The Three Pintos, University College Opera, UCL, Bloomsbury Theatre, March 2011

There’s only one real Don Pinto, the other two being imposters. The real one is on his way to marry Donna Clarissa, a young lady he’s never met, but on the journey this rather clueless young man falls in with the sharp-witted Don Gaston, who takes his place. At Clarissa’s family home, Gaston in turn meets Don Gomez, Clarissa’s secret beloved, who has been smuggled in by her servant Laura. The cheerful imposter generously decides to step aside in favour of Gomez, leaving Clarissa free to marry her beloved, despite her father’s plans in favour of Don Pinto, the son of a friend from long ago. The father has not met any of the three ‘Pintos’ — Pinto, Gaston or Gomez — so he is none the wiser. In the event, when his daughter and Gomez are united, the real Pinto enters, demonstrating the art of wooing that Don Gaston wittily taught him, and making a fool of himself. Nobody believes he’s who he says he is, and when he recognises Gaston and rushes furiously at him, he’s thrown out.

Act I, all photos by Dan Swerdlow

It was a romp. Some deliberately camp acting and nineteen sixties costumes including the most frightful baby doll dress in shocking pink for Clarissa.
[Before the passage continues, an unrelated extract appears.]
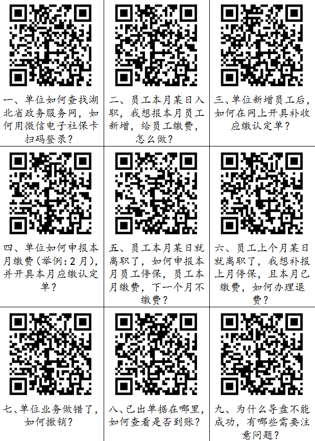 答:可以在系统导出明细进行核对,查询具体步骤参见《省企保集中系统网厅操作“码上知”》第17个二维码,在“单位综合信息查询”模块下选择“征缴相关”,分险种查看或导出缴费信息及缴费明细。

Played for laughs as a Rossini-like opera, it even had a swimming pool on stage in Act 3, just like Il Turco in Italia at the Royal Opera House.

This opera — Die Drei Pintos — is essentially by Weber, but he left it largely uncompleted when he died in 1826 aged 39, and his family tried to get someone to take it on. After several false starts they approached Meyerbeer, who hung onto it for 26 years, and did nothing. Eventually it found its way to a 26-year old Mahler, who did the remarkable job of putting it all together, and it’s a delight. Congratulations to UCL Opera and their music director Charles Peebles for putting it on.

Robin Bailey and Edward Davison as Gaston and Ambrosio

The performers, orchestra and singers are students at UCL and other parts of London University, along with some outsiders. Among these, Alistair Digges as Don Gomez was superb. What a noble voice and beautiful tone he has, and when he appeared suitably attired for the wedding, he looked quite the most charming man on stage. The other soloists also did well, but while the men sang in English the women seemed to be singing in some foreign tongue that I couldn’t fathom, though they certainly spoke in English. Robin Bailey gave a witty and well-sung performance in the main role of Don Gaston, ably supported by UCL student Edward Davison as a delightful Ambrosio, his valet. As the real Don Pinto, UCL student Nick Goodman sang and performed with great presence in what is astonishingly his first solo role.

Nick Goodman as Don Pinto, trying to woo the bride

In the end, Gaston admits that the original Don Pinto, who seemed to have gate-crashed the wedding party, is in fact the real one, and the astonished Gomez then turns to Gaston and says, “but you’re Don Pinto”. “So there are three Don Pintos!” says the astonished father, giving us the title of the opera, and with Gaston’s encouragement he blesses his daughter’s marriage to Don Gomez.